US in denial about legacy of violence

By Norman Birnbaum Source:Global Times Published: 2012-12-17 19:30:05

Illustration: Liu Rui
Illustration: Liu Rui

The Connecticut massacre coincided with a debate on torturing prisoners taken in "the war on terror," occasioned by Zero Dark Thirty, a new film on the killing of Osama bin Laden. Perhaps it is more than coincidence. Torture was long used by US police in interrogating those suspected of crime. In the films of the 1930s and 1940s, it is termed "the third degree."

Today, civil liberties organizations are engaged full time seeking redress for excessive uses of force, while the courts give the police a very large amount of discretion in deciding what is permissible.

It is common to trace this to the experience of the frontier, where manners were raw, codes of conduct stark, and Indians plentiful. The frontier, however, turned from reality to memory to myth by the beginning of the last century. It was part of the military expansion of American power, which began with the war on Mexico in 1846-48, continued with the war on Spain in 1898, and included any number of incursions into Latin America as well as the advantageously timed entries into the two large wars of the 20th century.

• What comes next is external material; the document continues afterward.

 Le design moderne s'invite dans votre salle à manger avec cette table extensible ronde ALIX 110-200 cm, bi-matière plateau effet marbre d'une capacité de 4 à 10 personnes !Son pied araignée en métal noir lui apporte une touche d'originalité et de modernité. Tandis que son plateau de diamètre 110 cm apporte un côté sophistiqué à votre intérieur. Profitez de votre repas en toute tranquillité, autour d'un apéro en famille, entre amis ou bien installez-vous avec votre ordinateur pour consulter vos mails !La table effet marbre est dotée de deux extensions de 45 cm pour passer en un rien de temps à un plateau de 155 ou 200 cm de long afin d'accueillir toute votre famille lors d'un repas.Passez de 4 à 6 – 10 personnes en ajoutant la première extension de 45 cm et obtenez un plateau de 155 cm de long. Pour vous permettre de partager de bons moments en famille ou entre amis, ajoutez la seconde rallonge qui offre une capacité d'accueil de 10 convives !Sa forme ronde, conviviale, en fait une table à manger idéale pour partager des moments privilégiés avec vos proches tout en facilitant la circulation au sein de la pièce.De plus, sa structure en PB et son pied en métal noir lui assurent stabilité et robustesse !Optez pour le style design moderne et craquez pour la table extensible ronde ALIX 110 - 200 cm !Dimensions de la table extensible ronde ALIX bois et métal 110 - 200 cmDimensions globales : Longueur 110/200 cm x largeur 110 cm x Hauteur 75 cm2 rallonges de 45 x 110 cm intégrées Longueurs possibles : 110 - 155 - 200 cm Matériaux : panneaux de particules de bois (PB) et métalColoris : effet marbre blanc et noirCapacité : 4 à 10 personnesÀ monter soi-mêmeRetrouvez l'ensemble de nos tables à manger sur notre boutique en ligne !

Preparation for nuclear war with the former Soviet Union and China, actual wars in Korea, Vietnam, the Balkans and the Mideast, and the stationing of US forces in so many countries that the secretaries of defense themselves cannot recite the list, have followed.

Equally, covert action which is hardly covert, the organization and sponsorship of war by clients and allies, as in the backing of Iraq against Iran, are matters so routine that criticism seems utopian. The idea of a nation surrounded by enemies was not derived from September 11 attack of 2001, but was confirmed on that day in the minds of many citizens. 

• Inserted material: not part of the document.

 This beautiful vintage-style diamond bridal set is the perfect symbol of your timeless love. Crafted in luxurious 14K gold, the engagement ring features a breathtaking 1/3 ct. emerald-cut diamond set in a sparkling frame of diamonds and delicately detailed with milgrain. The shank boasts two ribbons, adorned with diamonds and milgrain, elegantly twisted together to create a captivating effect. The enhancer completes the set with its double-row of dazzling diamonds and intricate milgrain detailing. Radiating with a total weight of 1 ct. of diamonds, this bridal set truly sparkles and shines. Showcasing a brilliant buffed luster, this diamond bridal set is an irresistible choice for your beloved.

The struggle against domestic crime was and still is a poorly disguised campaign to keep immigrants and racial minorities under control. A perverse interpretation of the Second Amendment to the US Constitution, which legitimated arms for public purposes like local militias, allows individuals to accumulate personal arsenals. There are as many guns in the nation as people. The result is a large amount of armed domestic violence. The Connecticut killer murdered his mother with her own guns before going to the school. 

The militarization of large parts of US culture, vicarious for many and especially its most stridently bellicose politicians, professors and publicists, is part of a general legitimating of violence. When Bin Laden and several of his family were killed by US special forces, who did not attempt to capture them for trial, crowds outside the White House chanted "USA! USA!" as if at an Olympic event. 

A certain kind of patriotism has merged with a cult of manliness and hardness. The most severe criticism many American politicians can make of presidential foreign policy is that it is insufficiently aggressive. In his presidential campaign, Mitt Romney resorted to embarrassingly primitive imagery.

Despite strong church, familial and neighborhood institutions in much of US society, mutual caring and solidarity must contend in US culture with a cult of self-reliance. Like vicarious militarism, it is more fiction than fact. The states that vote Republican are largely net recipients of federal funding. Their citizenries are dependent on the rest of the country, but it does not prevent them from resenting their supposed lack of responsibility for themselves. 

These are matters of social atmosphere and belief. Institutions and politics are also involved. President Barack Obama considered that in his first term, he had enough to do without challenging the very powerful lobby favoring a free trade in firearms, and its obedient legislators. Perhaps the president, who has good reason to fear the one third of a nation which considers him illegitimate, was thinking of his own family's safety.

The provision for mental health in communities and schools is hardly a model of preventive healthcare and the cure of souls in US churches leaves many out. In this setting, the individual pathologies inevitable in a complex and changing society in which many struggle and fail to find fixed places generate enough hatred for multiple murders. That is what we have had.

As the nation mourns the dead children and teachers of Connecticut, few have evoked the wedding parties and familial reunions in Asia on which US drones have wreaked havoc. Understandable: The country is preparing for the next domestic horror.